Using a separate class is better for performance, as the alternative uses reflection.

Consider that

new { def foo(...) = { ... } }

is really

new AnyRef { def foo(...) = { ... } }

Now, AnyRef doesn't have a method foo. In Scala, this type is actually AnyRef { def foo(...): ... }, which, if you remove AnyRef, you should recognize as a structural type.

At compile time, this time can be passed back and forth, and everywhere it will be known that the method foo is callable. However, there's no structural type in the JVM, and to add an interface would require a proxy object, which would cause some problems such as breaking referential equality (ie, an object would not be equal with a structural type version of itself).

The way found around that was to use cached reflection calls for structural types.

So, if you want to use the Pimp My Library pattern for any performance-sensitive application, declare a class.


I believe 1 and 2 get compiled to the same bytecode (except for the class name that gets generated in case 2). If Fooable exists only for you to be able to convert implicitly A to Fooable (and you're never going to directly create and use a Fooable), then I would go with option 2.
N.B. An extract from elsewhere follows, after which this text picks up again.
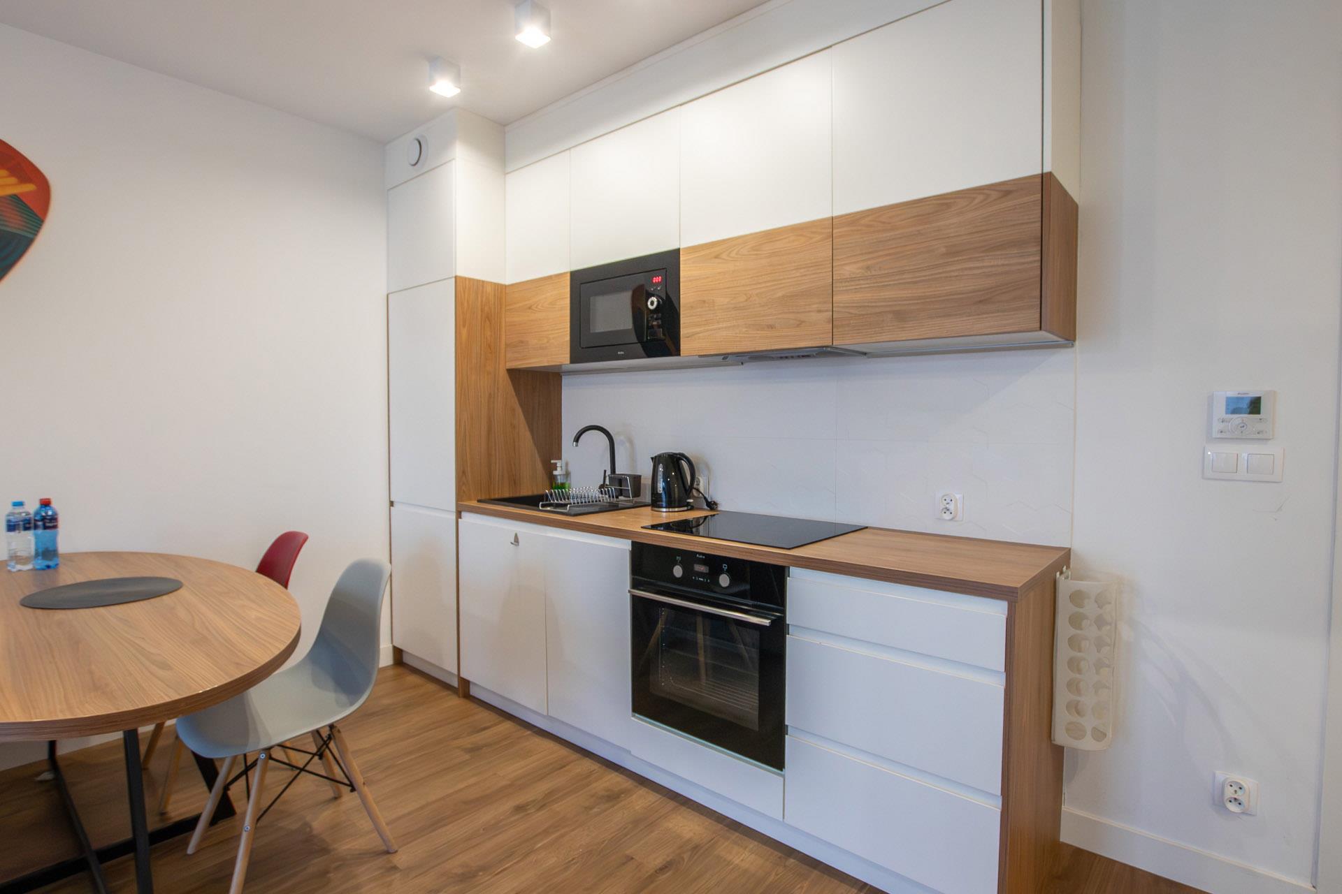 Aneks kuchenny - zabudowa kuchenna, piekarnik, płyta ceramiczna, lodówka, zmywarka.

However, if you control A (meaning A is not a java library class that you can't subclass) I would consider using a trait instead of implicit conversions to add behaviour to A.

UPDATE: I have to reconsider my answer. I would use variant 1 of your code, because variant 2 turns out to be using reflection (scala 2.8.1 on Linux).

I compiled these two versions of the same code, decompiled them to java with jd-gui and here are the results:

source code with named class

class NamedClass { def Foo : String = "foo" }

object test {
  implicit def StrToFooable(a: String) = new NamedClass 
  def main(args: Array[String]) { println("bar".Foo) }
}

source code with anonymous class

object test {
  implicit def StrToFooable(a: String) = new { def Foo : String = "foo" } 

  def main(args: Array[String]) { println("bar".Foo) }
}    

compiled and decompiled to java with java-gui. The "named" version generates a NamedClass.class that gets decompiled to this java:

public class NamedClass
  implements ScalaObject
{
  public String Foo()
  {
    return "foo";
  }
}

the anonymous generates a test$$anon$1 class that gets decompiled to the following java

public final class test$$anon$1
{
  public String Foo()
  {
    return "foo";
  }
}

so almost identical, except for the anonymous being "final" (they apparently want to make extra sure you won't get out of your way to try and subclass an anonymous class...)

however at the call site I get this java for the "named" version

public void main(String[] args) 
{ 
  Predef..MODULE$.println(StrToFooable("bar").Foo());
}

and this for the anonymous

  public void main(String[] args) { 
    Object qual1 = StrToFooable("bar"); Object exceptionResult1 = null;
    try { 
      exceptionResult1 = reflMethod$Method1(qual1.getClass()).invoke(qual1, new Object[0]); 
      Predef..MODULE$.println((String)exceptionResult1); 
      return; 
    } catch (InvocationTargetException localInvocationTargetException) { 
      throw localInvocationTargetException.getCause();
    }
  }

I googled a little and found that others have reported the same thing but I haven't found any more insight as to why this is the case.